Petition for rehearing granted and former opinion set aside and judgment appealed from affirmed ON REHEARING (23 P.2d 917) IN BANC. Since our former decision in In re Blagen Estate, a rehearing has been had and this matter is again before us for decision. In that decision we held, all the members of Department 1 concurring, that the exemption provided by section 10-604, Oregon Code 1930, applies to any property which had been received by the decedent within one year prior to his death by inheritance, devise or bequest *Page 76 upon which an inheritance tax had been paid. That decision made the actual receipt of property by the second decedent within one year prior to his death by inheritance, devise or bequest, the sole test of exemption and gave no effect to the words immediately following in the statute, namely: "where such property can be identified as having been so received, and where the tax on such property shall within one year have been imposed and accrued". This we now think was error.
The language of the statute is:
"There shall be allowed as a deduction from the value of the property subject to the taxes imposed by section 10-603, Oregon Code, an amount equal to the value of any property received by the decedent within one year prior to his death by inheritance, devise or bequest, where such property can be identified as having been so received, and where the tax on such property shall within one year have been imposed and accrued in this state under sections 10-603 and 10-606, Oregon Code, and the tax subsequently paid. This deduction shall be allowed only in the amount of the value of the property as fixed and allowed as the basis of the tax in the estate of the prior decedent, and only as to taxes paid to the state of Oregon". Section 10-604, Oregon Code 1930.
Section 10-606, among other things, provides that:
"All taxes imposed by this act shall take effect at and accrue upon the death of the decedent, or donor, and shall be due and payable at the expiration of eight months from such death, except as otherwise provided in this act; * * *".
Under this latter section the inheritance tax provided in the act is imposed and accrues upon the death of the first decedent and, hence, under the admitted facts in this case, it was imposed and accrued upon the property devised by the first decedent at the time of *Page 77 his death and this was more than one year before the death of the second decedent.

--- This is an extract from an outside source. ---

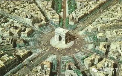 从巴黎上空俯瞰,以凯旋门为中心,12条大街向四周辐射,气势磅礴。
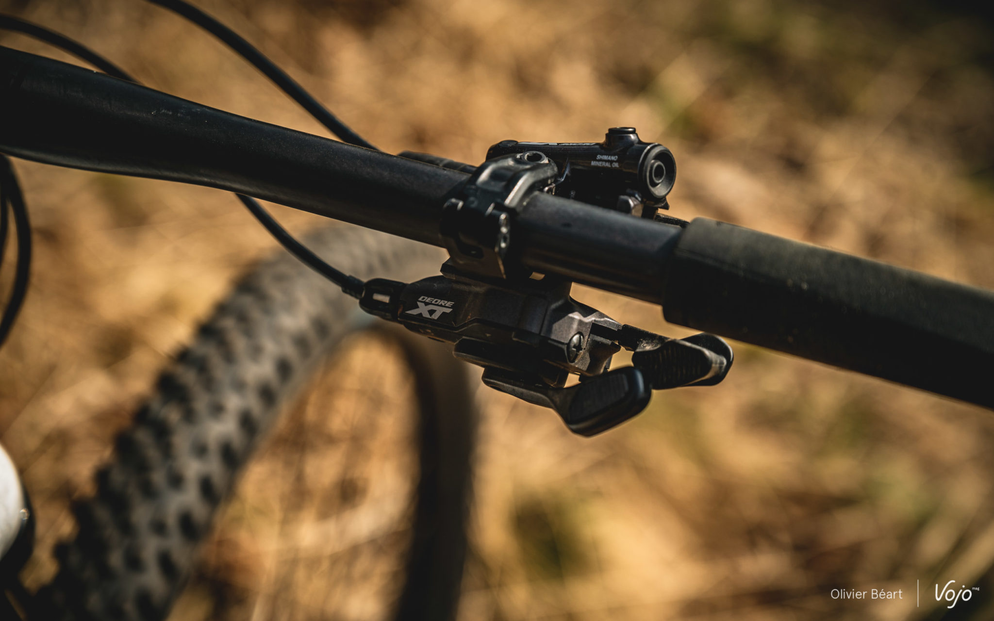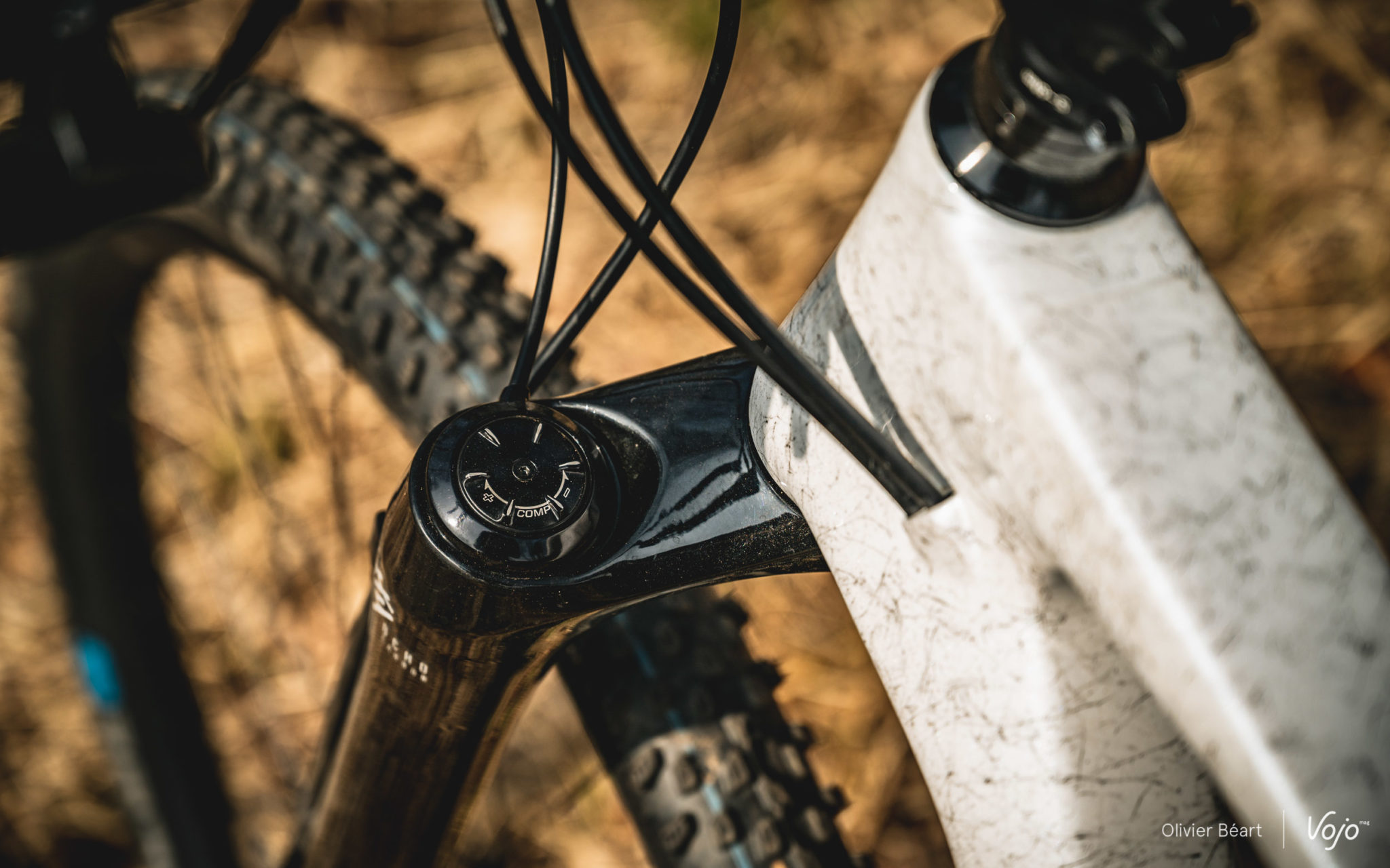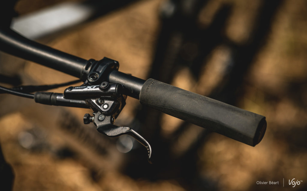 Le poste de pilotage adopte les standards contemporains avec une potence de 70mm de long et un cintre maison, en carbone, en 760mm de large. De quoi bien ouvrir le torse sans non plus tirer sur des largeurs excessives. Les grips en silicone de forme anguleuse ne sont pas désagréables mais leur surface est un peu trop lisse et leur toucher trop dur pour vraiment rivaliser avec des modèles phares comme les ESI. Cela dit, ce n’est pas grand chose à changer. On dispose d’un blocage au guidon pour la fourche (un classique Fox), ce qui est cohérent sur ce type de machine.

The power of exemption, as well as the power of taxation, is an essential element of sovereignty and can only be surrendered or diminished in plain and explicit terms and, since section 10-604 is a statute exempting property from taxation, it must be strictly construed. It clearly provides that there shall be deducted from the value of the property subject to the tax imposed under the act an amount equal to the value of any property received by the second decedent within one year prior to his death by inheritance, devise or bequest, where such property can be identified as having been so received and where the tax on such property shall, within one year, have been imposed and accrued and the tax subsequently paid. It is as essential under the provisions of this statute that the tax on property received by inheritance, devise or bequest shall have been imposed and accrued within one year prior to the second decedent's death as it is that the second decedent shall have received it within the year. The true meaning of the statute is plain and, unless all the conditions prescribed by the statute are shown to exist, the property is subject to taxation under the act. Our former decision gave effect only to a part of the requirements which must exist under the statute before the exemption can be granted and thereby failed to give effect to the true meaning and intent of the statute. In this there was error. For these reasons, our former decision must be overruled and set aside, and the judgment appealed from will be affirmed.
BAILEY, J., did not participate in this decision.